AI Drug Discovery & Wet Lab Startups: Market Analysis

01 The Incyte–Genesis Deal

On May 20, 2026, Incyte (Nasdaq: INCY) and Genesis Molecular AI announced a major expansion of their strategic collaboration—one of the first pharma-AI partnerships to feed large-scale foundation model training with a partner’s proprietary experimental data.

Deal Structure

$120M Total upfront: $80M cash + $40M equity investment in Genesis

$1B+ Potential milestones across five initial collaboration targets

$232M Per-program milestone ceiling (preclinical through commercial)

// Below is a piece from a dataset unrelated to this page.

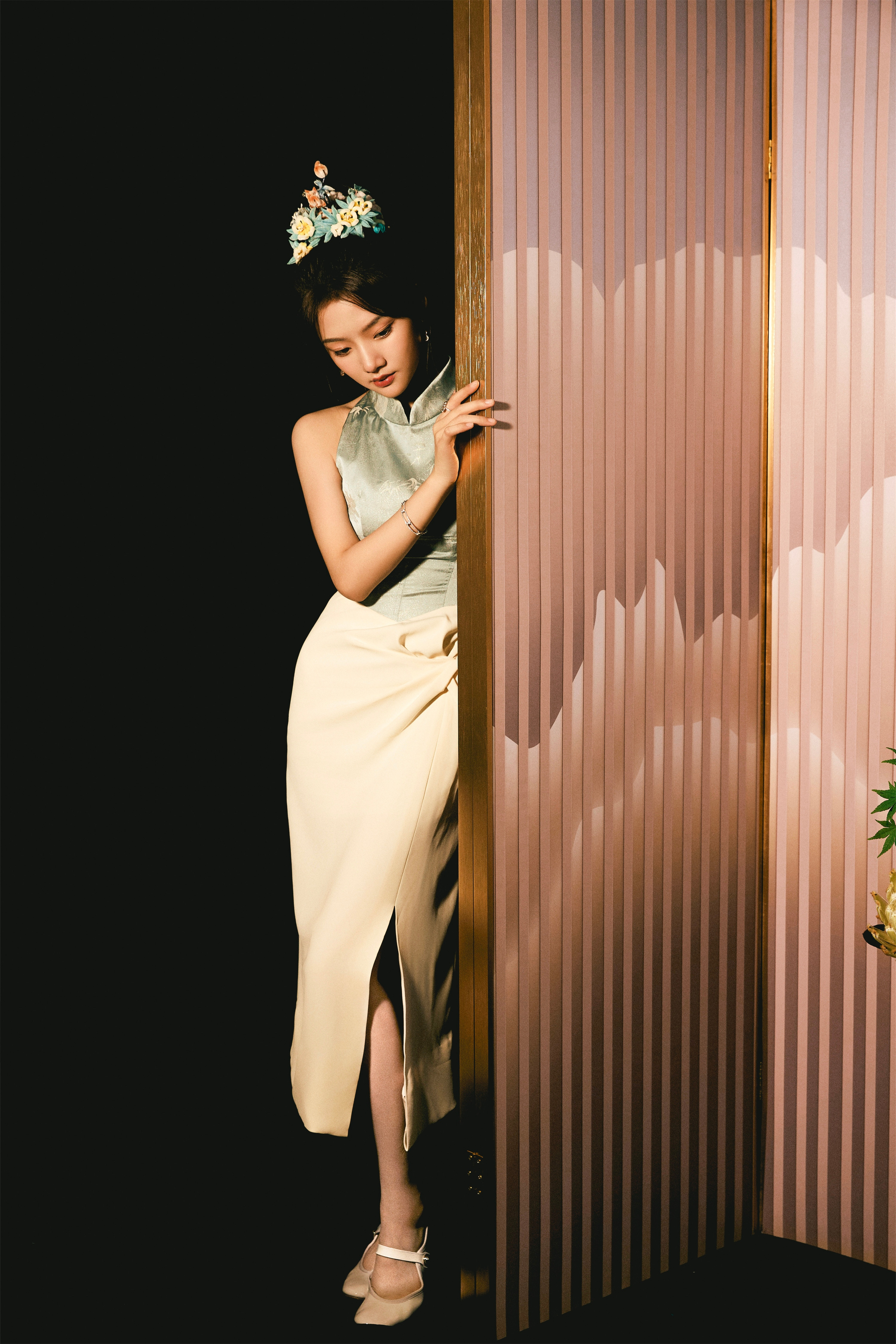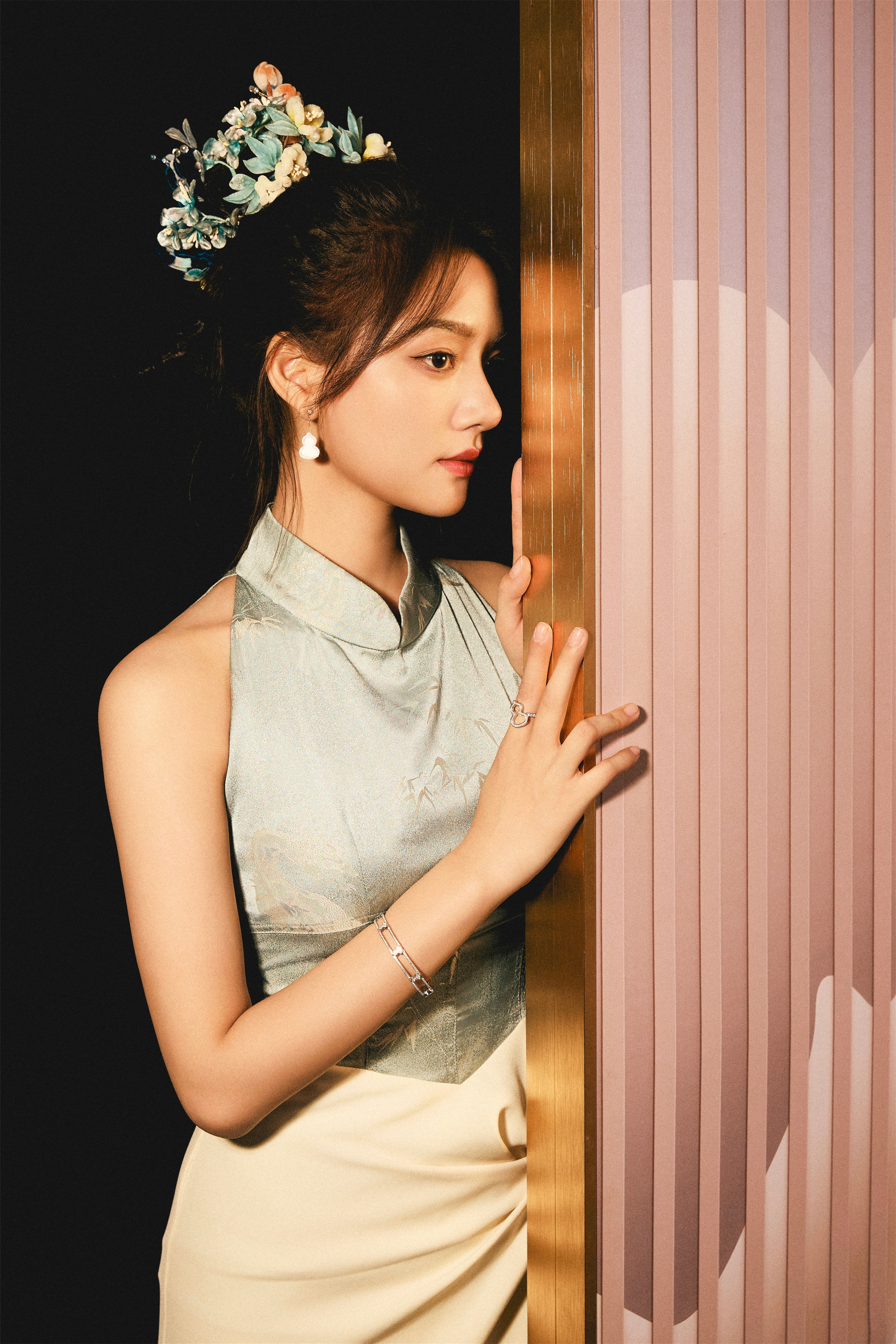王子文露背薄纱裙,金色璀璨,大气怡人

5+ New collaboration targets with option to nominate more over time

Why This Deal Matters

Genesis’ GEMS platform (Genesis Exploration of Molecular Space) includes foundation models for protein-ligand structure and property prediction, backed by investors including a16z and NVIDIA. The deal creates what Evan Feinberg, Genesis CEO, calls an “industrial-scale flywheel of AI-enabled design-make-test cycles.”

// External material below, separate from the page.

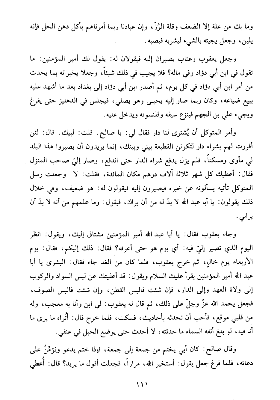وجاء يعقوب فقال: يا أبا عبد الله أمير المؤمنين مشتاق إليك، ويقول: انظر اليوم الذي تصير إليّ فيه: أي يوم هو حتى أعرفه؟ فقال: ذلك إليكم، فقال: يوم الأربعاء يوم خالٍ، ثم خرج يعقوب، فلما كان من الغد جاء فقال: البشرى يا أبا عبد الله أمير المؤمنين يقرأ عليك السلام ويقول: قد أعفيتك عن لبس السواد والركوب إلى ولاة العهد وإلى الدار، فإن شئت فالبس القطن، وإن شئت فالبس الصوف، فجعل يحمد الله عزّ وجلّ على ذلك، ثم قال له يعقوب: لي ابن وأنا به معجب، وله من قلبي موقع، فأحب أن تحدثه بأحاديث، فسكت، فلما خرج قال: أتُراه ما يرى ما أنا فيه، لو بلغ أنفه السماء ما حدثته، لا أحدث حتى يوضع الحبل في عنقي.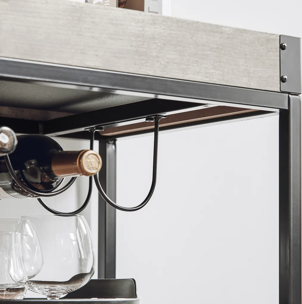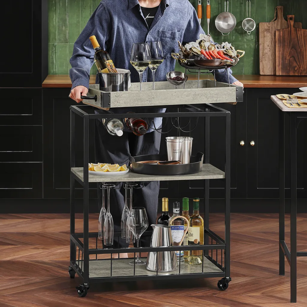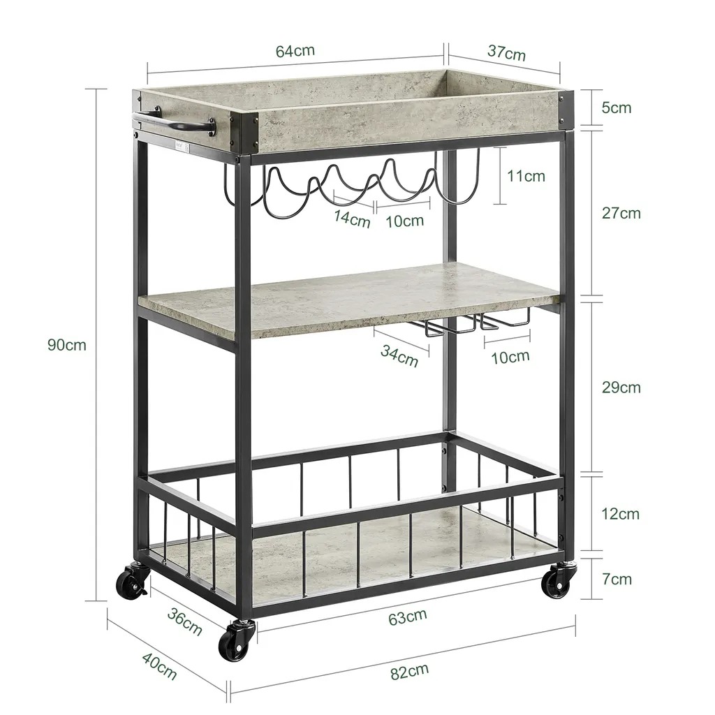 SoBuy FKW56-HG Servierwagen Mit 2 Ablagen Und Einem Abnehmbaren Tablett Küchenwagen Mit Rollen Rollwagen Metall Rollbar Beton Hell

“High-quality proprietary data is among the most valuable inputs for advancing molecular AI. This expanded collaboration will enable both companies and patients to benefit from an industrial-scale flywheel.”
— Evan Feinberg, Ph.D., Founder & CEO, Genesis Molecular AI

The deal builds on an initial collaboration from February 2025. Incyte will share proprietary experimental data with Genesis to enhance the models—a critical differentiator. Incyte retains exclusive rights to develop and commercialize all resulting compounds, plus receives recurring research funding for compute workloads. Additional programs beyond the initial five could yield “several billion dollars” in additional milestone payments.

02 Market Landscape

Market Sizing

The AI drug discovery market is at an inflection point. Multiple data sources converge on a consistent story: rapid growth from a relatively small base.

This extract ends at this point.